◆ Material provided ◆
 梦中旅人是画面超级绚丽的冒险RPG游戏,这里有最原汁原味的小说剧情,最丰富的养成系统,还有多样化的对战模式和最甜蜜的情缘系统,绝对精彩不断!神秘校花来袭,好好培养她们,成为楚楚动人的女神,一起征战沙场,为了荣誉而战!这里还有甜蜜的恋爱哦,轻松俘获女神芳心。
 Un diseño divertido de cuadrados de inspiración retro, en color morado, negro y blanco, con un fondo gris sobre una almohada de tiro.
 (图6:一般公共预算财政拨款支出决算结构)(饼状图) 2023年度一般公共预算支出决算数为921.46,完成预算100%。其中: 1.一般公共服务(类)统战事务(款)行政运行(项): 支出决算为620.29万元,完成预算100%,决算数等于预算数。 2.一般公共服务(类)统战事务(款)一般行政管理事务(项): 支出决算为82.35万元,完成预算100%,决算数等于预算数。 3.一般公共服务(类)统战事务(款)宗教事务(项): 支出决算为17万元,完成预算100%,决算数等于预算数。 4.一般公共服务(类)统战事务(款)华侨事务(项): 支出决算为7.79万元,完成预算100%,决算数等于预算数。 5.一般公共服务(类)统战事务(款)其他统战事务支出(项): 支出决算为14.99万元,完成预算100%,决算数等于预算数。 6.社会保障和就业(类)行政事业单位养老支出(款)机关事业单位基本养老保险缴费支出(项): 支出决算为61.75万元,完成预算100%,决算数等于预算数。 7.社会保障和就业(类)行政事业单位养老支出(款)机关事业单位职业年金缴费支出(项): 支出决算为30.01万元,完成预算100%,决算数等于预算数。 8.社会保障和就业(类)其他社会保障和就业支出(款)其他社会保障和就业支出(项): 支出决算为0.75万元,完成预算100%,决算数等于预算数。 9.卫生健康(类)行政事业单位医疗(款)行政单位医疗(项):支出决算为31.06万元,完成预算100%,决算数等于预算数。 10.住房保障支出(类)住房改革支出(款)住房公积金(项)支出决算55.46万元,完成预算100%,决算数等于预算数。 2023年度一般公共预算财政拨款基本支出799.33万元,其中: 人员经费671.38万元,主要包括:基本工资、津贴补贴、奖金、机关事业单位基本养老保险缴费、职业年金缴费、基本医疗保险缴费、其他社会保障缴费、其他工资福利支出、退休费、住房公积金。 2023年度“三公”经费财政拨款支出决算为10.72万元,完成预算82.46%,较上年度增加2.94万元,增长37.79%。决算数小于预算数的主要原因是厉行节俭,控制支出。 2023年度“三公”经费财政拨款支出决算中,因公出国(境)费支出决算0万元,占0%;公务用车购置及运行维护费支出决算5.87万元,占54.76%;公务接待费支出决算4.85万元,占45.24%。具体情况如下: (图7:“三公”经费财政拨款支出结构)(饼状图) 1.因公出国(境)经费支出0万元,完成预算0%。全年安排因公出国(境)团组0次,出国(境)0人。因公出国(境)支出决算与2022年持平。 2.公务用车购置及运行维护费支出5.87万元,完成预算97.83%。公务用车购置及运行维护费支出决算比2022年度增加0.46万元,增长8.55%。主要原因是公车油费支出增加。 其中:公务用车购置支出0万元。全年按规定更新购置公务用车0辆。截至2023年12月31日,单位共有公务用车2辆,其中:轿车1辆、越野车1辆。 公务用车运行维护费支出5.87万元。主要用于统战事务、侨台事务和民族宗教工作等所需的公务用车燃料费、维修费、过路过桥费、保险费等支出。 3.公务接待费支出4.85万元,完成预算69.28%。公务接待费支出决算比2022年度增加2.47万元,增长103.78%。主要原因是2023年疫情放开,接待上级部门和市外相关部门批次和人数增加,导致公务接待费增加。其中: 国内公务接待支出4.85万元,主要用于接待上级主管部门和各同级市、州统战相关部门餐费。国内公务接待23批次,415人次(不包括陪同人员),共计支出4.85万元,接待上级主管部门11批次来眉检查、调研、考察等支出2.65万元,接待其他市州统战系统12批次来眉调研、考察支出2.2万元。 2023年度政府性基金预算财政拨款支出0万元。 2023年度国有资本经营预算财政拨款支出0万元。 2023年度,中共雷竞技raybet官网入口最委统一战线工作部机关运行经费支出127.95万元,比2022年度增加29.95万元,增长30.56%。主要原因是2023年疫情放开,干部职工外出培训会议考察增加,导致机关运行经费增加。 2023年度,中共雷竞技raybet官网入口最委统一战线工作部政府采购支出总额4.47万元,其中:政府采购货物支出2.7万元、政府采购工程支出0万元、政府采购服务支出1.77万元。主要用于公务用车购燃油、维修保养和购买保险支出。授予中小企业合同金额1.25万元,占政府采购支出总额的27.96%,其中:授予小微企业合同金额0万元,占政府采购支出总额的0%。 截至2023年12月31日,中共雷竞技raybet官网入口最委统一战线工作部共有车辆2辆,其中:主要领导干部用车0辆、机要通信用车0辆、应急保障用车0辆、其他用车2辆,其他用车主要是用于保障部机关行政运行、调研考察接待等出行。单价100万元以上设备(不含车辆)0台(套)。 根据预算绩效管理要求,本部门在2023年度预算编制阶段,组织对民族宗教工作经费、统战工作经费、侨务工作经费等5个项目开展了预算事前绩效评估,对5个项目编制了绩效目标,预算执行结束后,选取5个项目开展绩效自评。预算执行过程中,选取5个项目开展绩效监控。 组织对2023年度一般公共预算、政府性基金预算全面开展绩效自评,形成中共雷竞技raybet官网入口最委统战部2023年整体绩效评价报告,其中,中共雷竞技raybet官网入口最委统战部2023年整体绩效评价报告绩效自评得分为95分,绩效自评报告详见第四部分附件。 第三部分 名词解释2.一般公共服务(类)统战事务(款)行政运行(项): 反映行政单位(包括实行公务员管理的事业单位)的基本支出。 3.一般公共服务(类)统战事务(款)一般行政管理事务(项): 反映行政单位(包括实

...

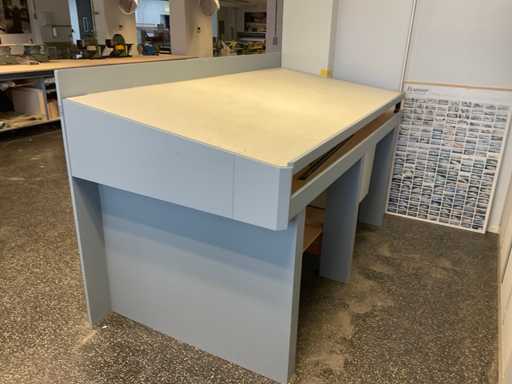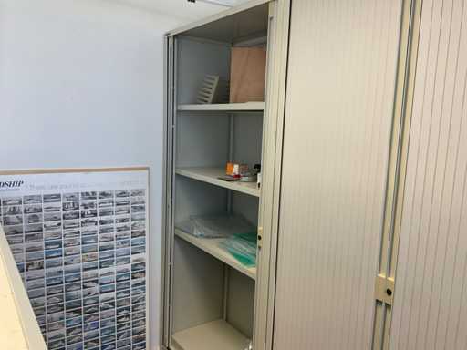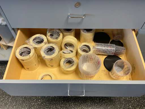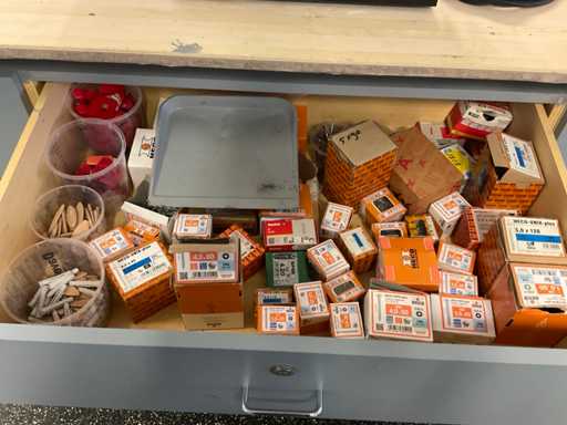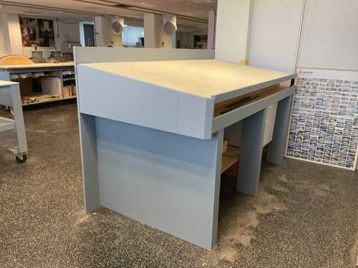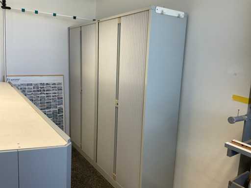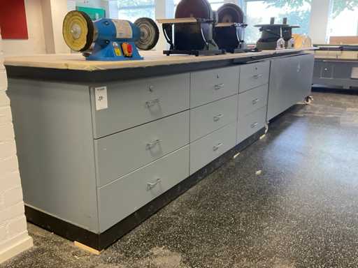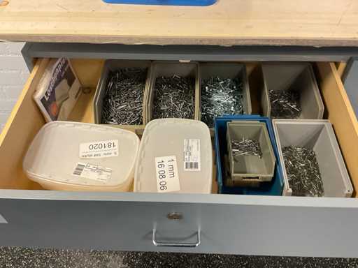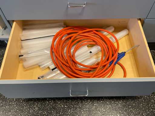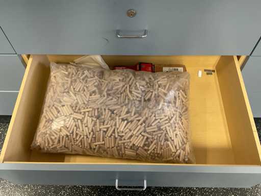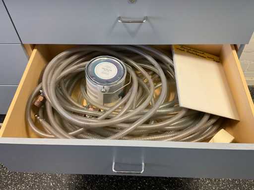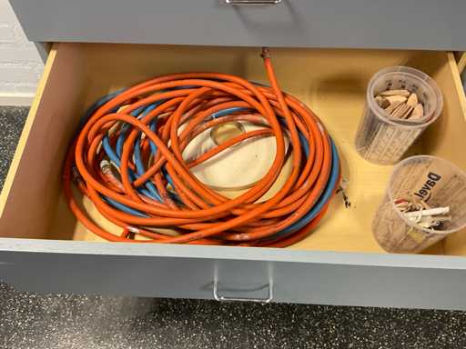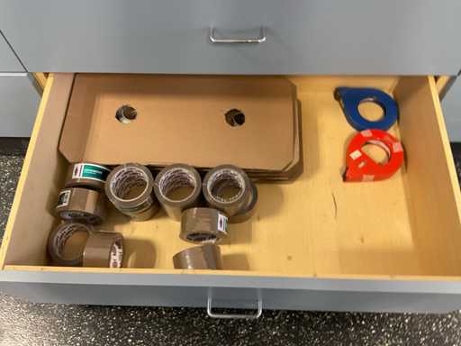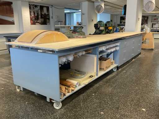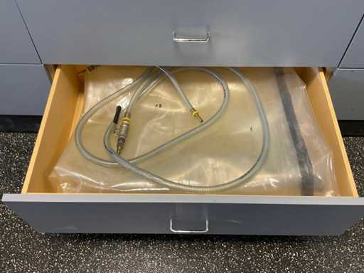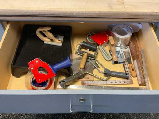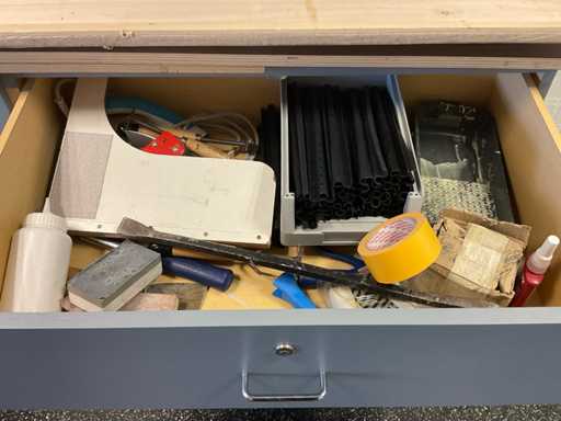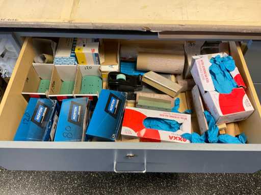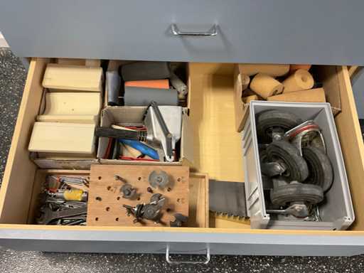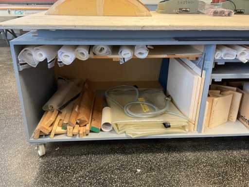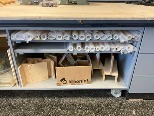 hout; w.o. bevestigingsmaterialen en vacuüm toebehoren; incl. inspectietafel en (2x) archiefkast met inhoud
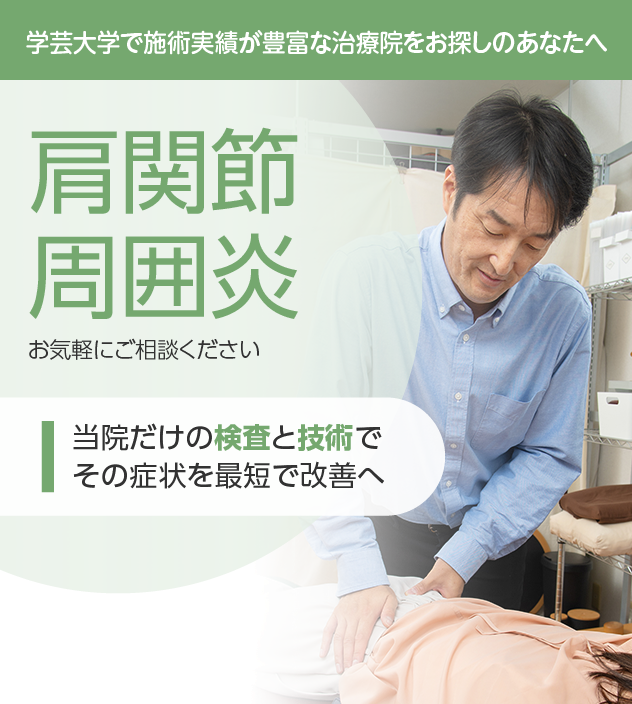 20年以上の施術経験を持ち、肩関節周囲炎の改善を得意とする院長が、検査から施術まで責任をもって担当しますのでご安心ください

◆ Directions for this task ◆
Of all the material above, only the lines from the one that has "hout; w.o. bevestigingsmaterialen" down to the one that has "20年以上の施術経験を持ち、" are to be written out, exactly and with both ends included. Pictures are skipped.

◆ Final answer ◆
 hout; w.o. bevestigingsmaterialen en vacuüm toebehoren; incl. inspectietafel en (2x) archiefkast met inhoud
 20年以上の施術経験を持ち、肩関節周囲炎の改善を得意とする院長が、検査から施術まで責任をもって担当しますのでご安心ください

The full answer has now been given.